Los cruzados no fueron valientes caballeros, sino mercenarios y asesinos

Un silogismo medieval nos sirve para explicar muchas cosas. No todos los hombres eran criminales, pero la inmensa mayoría de criminales eran hombres; sobre todo jóvenes con acceso a las armas. Los cambios poblacionales experimentados durante la época de las cruzadas no fueron normales, como tampoco lo fueron sus efectos en las sociedades que intentaron absorberlos.

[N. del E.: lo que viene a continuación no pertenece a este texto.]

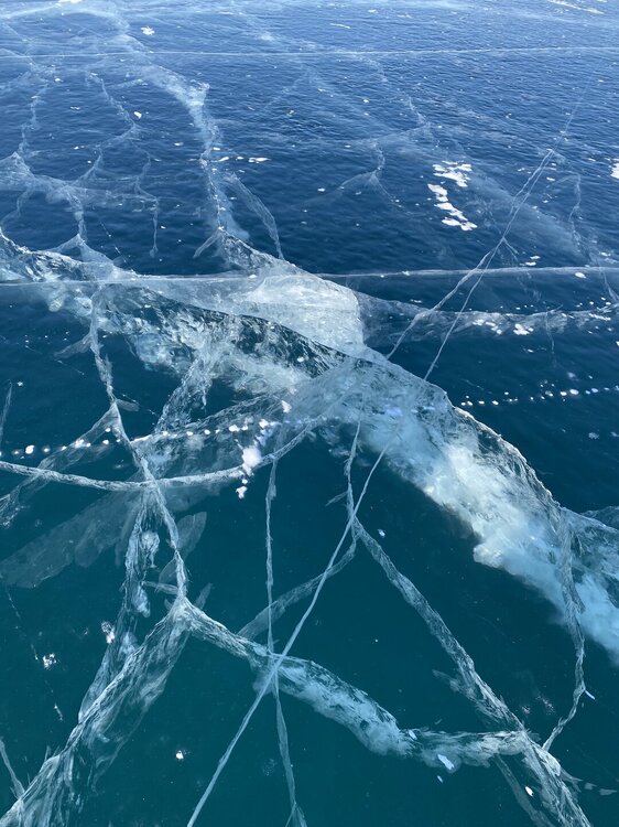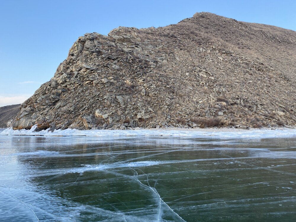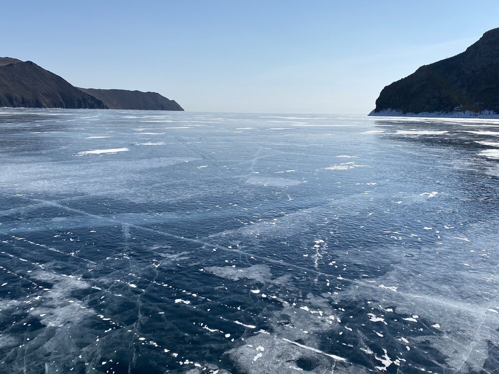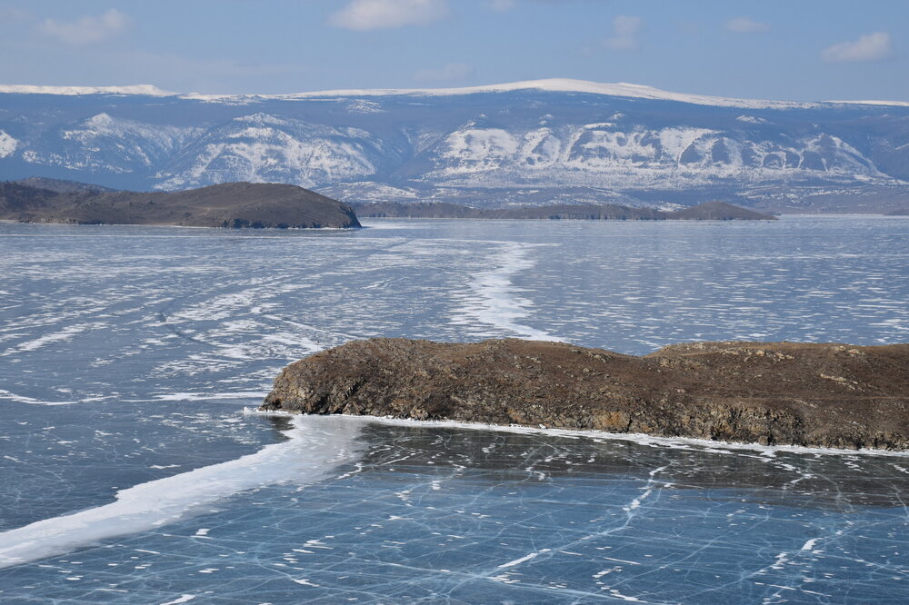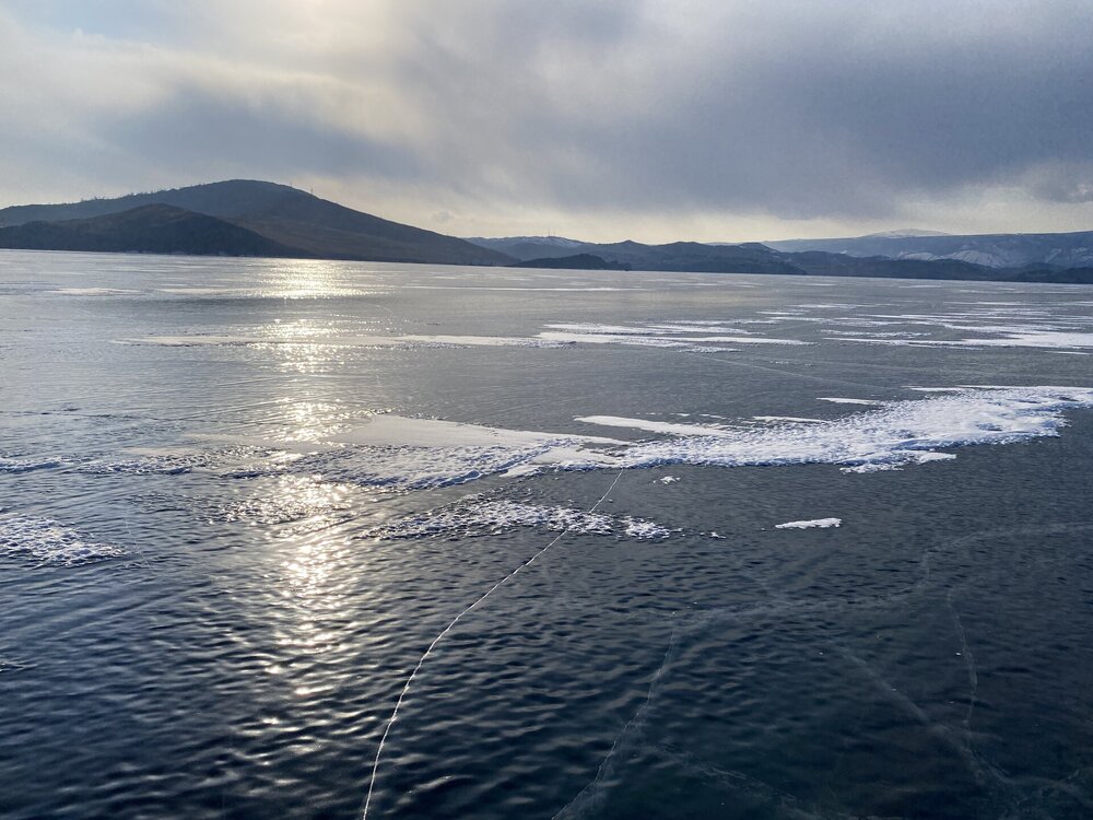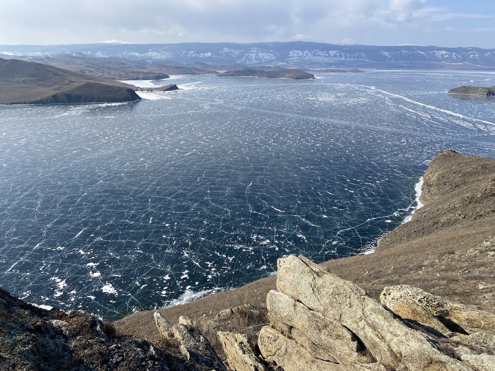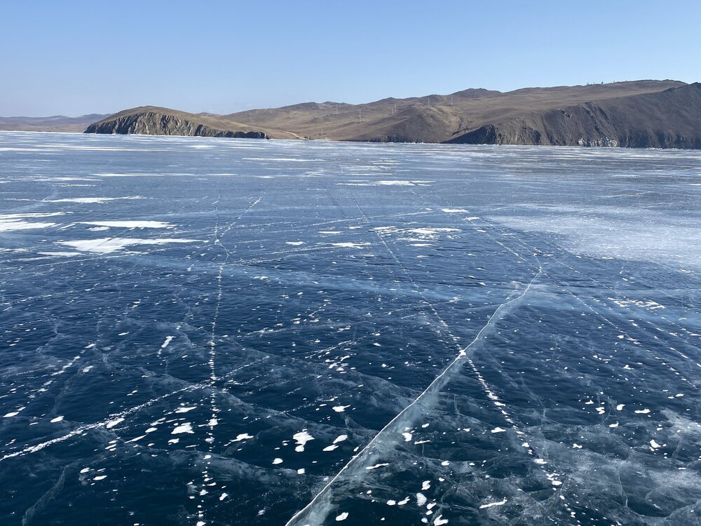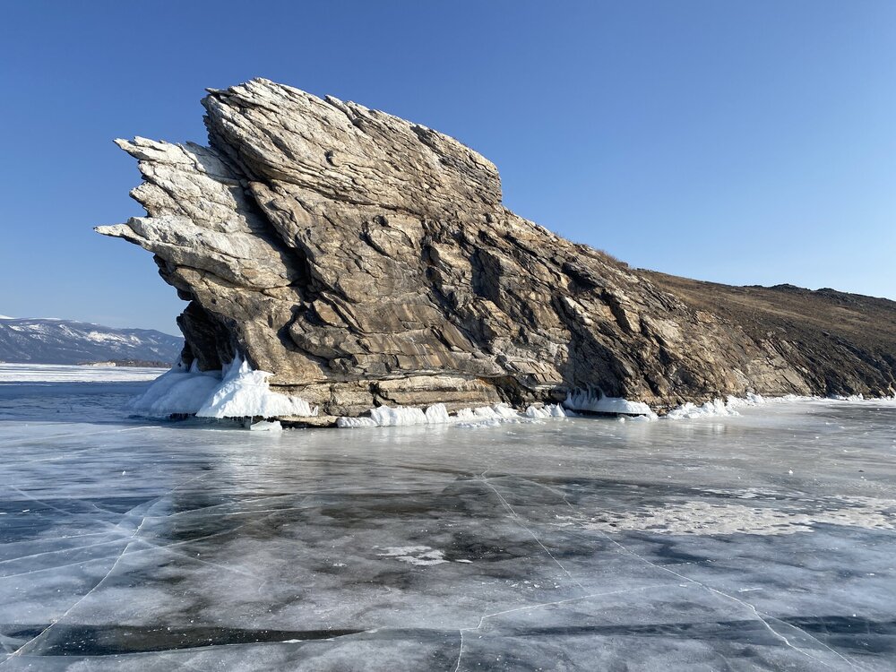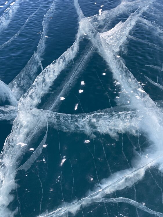 День 4. 12.03.2025 Сегодня наш день снова посвящен Льду! Вчерашний ветер Сарма сдул со льда снег. И если в первый выход было много снежных участков, то сейчас – перед нами почти идеальное зеркальное полотно! Хотя снежные участки для первого выхода – это больше плюс. Они помогали мне не скользить и побороть свой страх. В программе - поход на Мыс Уншуй острова Ольхон, Большое море. Гуляем по новым, весьма живописным окрестностям, а также поднимемся на скалу, что расположена над мысом Уншуй – с её вершины будет очередной, потрясающий вид на ледовую гладь Байкала. Активная часть треккинга: 20,1 км пешком, перепад высот 450-500 м, продолжительность похода 6-7 часов. В этом году лед образовался поздно, он тоньше и больше пропарин, поэтому в Большое море мы не выходим. Но вечером мы взяли дополнительную экскурсию на хивусе, который с легкостью вывез нас на большую глубину. Лед там отличается от Малого моря. Идем мы по проливу Ольхонские ворота. Это небольшой по ширине пролив, разделяющий материк и остров Ольхон. С одной стороны, он уходит в Малое море, с другой – в основную часть Байкала. На бурятском пролив называется Аман, что в переводе означает «рот» или «зёв». Иногда ещё можно встретить старое название – Ольхонский зунд. Длина пролива составляет 8,3 километра – это расстояние от мысов Улан и Кобылья голова до выхода в Большое море Байкала. Ширина наиболее узкого участка Ольхонских ворот – 1,2 километра. Именно на этом отрезке и находится паромная переправа на Ольхон. Средняя глубина пролива составляет 30-40 метров, а у южного входа, в окрестностях мысов Уншуй и Крест, она может достигать 100 метров. Течение здесь не такое, как на остальном Байкале. С северо-западной стороны находится Сарминское ущелье, откуда буйными порывами вырывается сильнейший одноименный ветер. Поэтому вода здесь находится в непрерывном движении, а волны порой могут достигать 5 метров высотой. В 2005 году на дне вдоль пролива Аман был проложен высоковольтный кабель, по которому на остров Ольхон поступает электричество. Ольхонские ворота – необычайно красивое и опасное место. Берега здесь круты и обрывисты, а вокруг них постоянно гоняет ветер и бьются волны. Зимой прибрежные скалы покрываются льдом и превращаются действительно нечто, похожее на сказочные ворота. Не удивительно, что туристы из года в год делают на Ольхонских воротах памятные, красочные фото. На побережье пролива Аман много узких заливов и небольших бухточек. Некоторые из бухт покрупнее – длиной 3-4 километра, но большинство все же совсем маленькие. На материковой части стоит посетить такие бухты, как: Тутай; Куркутская; Базарная. Со стороны Ольхона наибольший интерес представляют заливы Хул и Загли. Они закрыты от ветра и прекрасно подходит для стоянки судов в плохую погоду. Сегодня я выискиваю на льду необычные фигуры.
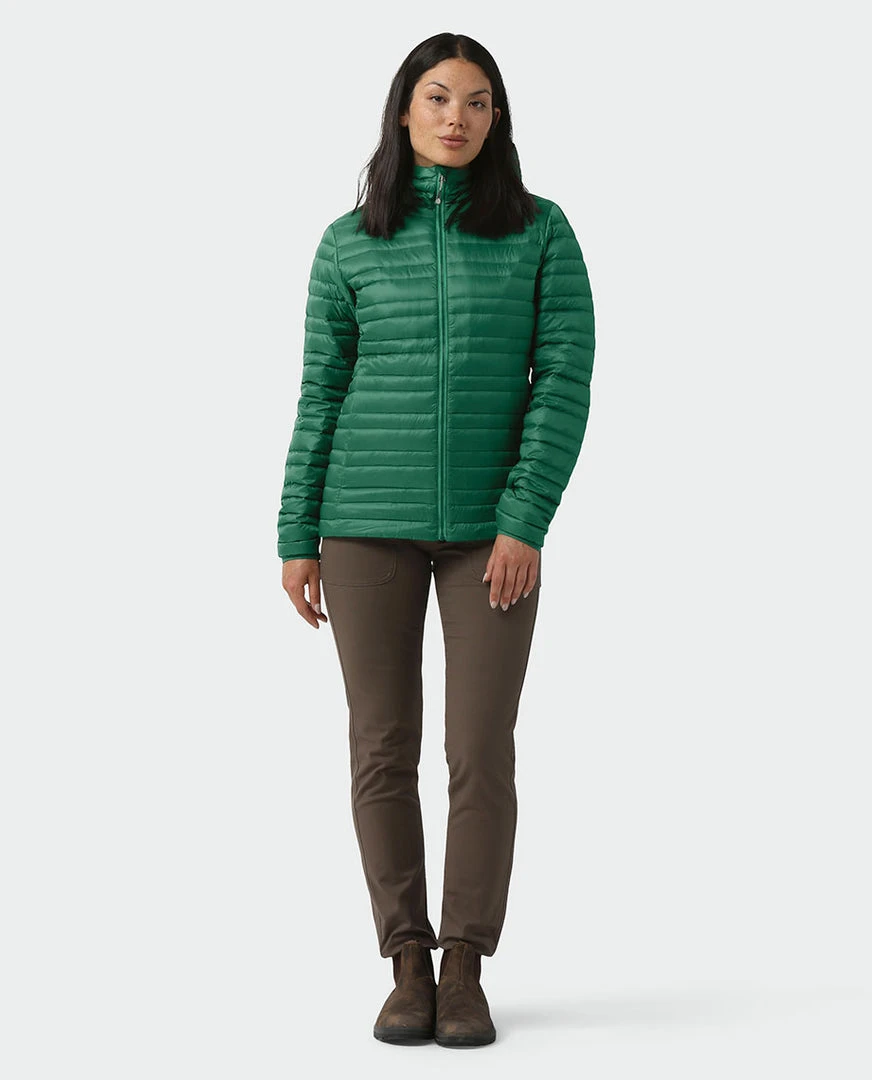 Flattering feminine shape combined with packable, layerable, and certified responsible HyperDRY™ down to warm up any outdoor escape.

Los extraordinarios movimientos demográficos ejercieron un enorme efecto distorsionador en las sociedades medievales de Oriente Próximo, y la inexorable naturaleza de estos cambios se hizo más evidente con el paso del tiempo. Estos grupos se extrajeron principalmente del arquetipo demográfico de criminal: individuos muy jóvenes, de sexo masculino, sin restricciones y muy bien pertrechados.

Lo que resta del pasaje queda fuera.